Re: FW: Component Values Must Be Context Independent

Jonathan,

Yes, we should use consistent terminology.

There are 3 kinds of components:

1) The root Description component, which is in a category by itself
2) Top-level components: Interface, Binding, Service, Element Declaration, 
and Type Definition - these are contained in the Description component
3) Nested components: everything else - these all have a {parent} 
property.

When talking about component equivalence, we are really mainly interested 
in the Top-level components since we can get name collisions when we 
combine documents. Name collisions are impossible within a document by 
virtue of the schema. A document would be invalid if it had name conflicts 
and we wouldn't get past the XML infoset stage.

However, when we combine two or more documents, we need to avoid name 
conflicts. It's OK to have two Top-level components with the same name in 
two different documents as long as they are equivalent. That way we avoid 
the conflict. We need an efficient way to test for equivalence. We'd like 
to be able to decide if two components are equivalent just by examing 
their documents, not any other documents they might reference via import 
or include.

A property is a name-value pair. A component has a set of properties such 
that each property has a unique name.

Note that all components have some combination of property values that 
defines a key, i.e. in a valid component model instance, that combination 
of values uniquely identifies the component. For example, all the 
top-level components have QName keys, i.e. the {name} property. The spec 
does define this for every component although it doesn't explicitly call 
them keys. I gave a table of these in my orginal note. The keys are used 
in the XML infoset to refer to components. The keys are used in the 
component designators.

Two components are equivalent if and only if:
1) they have the same set of property names
2) for each of their property names, the corresponding values are 
equivalent.

So now we have boiled down the definition to that of value equivalence.

There are two kinds of values:
1) Component values - single or optional components, sets or lists of 
components. In general we can regard these as collections of components by 
treating single components as singleton sets.
2) Non-component values - everything else. Let's call these scalar values. 
These are things like strings, tokens, uri's, etc. They are often XML 
simple types.

Two scalar values are equivalent if and only if they are equal.

That leaves the definition of equivalence for component values. Since 
these are collections, we first require that the collections are 
"isomorphic" i.e. that there is an invertible mapping from one to the 
other (which is just the natural correspondence for lists in the case of 
ordered collections).

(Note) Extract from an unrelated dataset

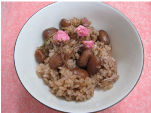
金時豆と桜塩漬炊き込みごはん

Further, we require that the mapping relates 
equivalent components where we define equivalence as follows:

There are two kinds of components:
1) child components - these are nested components whose {parent} property 
is equal to the component that contains the property under consideration
2) non-child components - all other components

Two non-child component values are equivalent if their keys are equal. 
This means we don't have to inspect the contents of other documents. 
Within a document, one component references another via its key, e.g. its 
QName.
Two child component values are equivalent if they are equivalent as 
components - this is the recursive step. But we always recurse down the 
parent-child tree so the definition is non-circular and it terninates.

I claim that this definition of equivalence agrees with the old definition 
when applied to the component model instance as a whole.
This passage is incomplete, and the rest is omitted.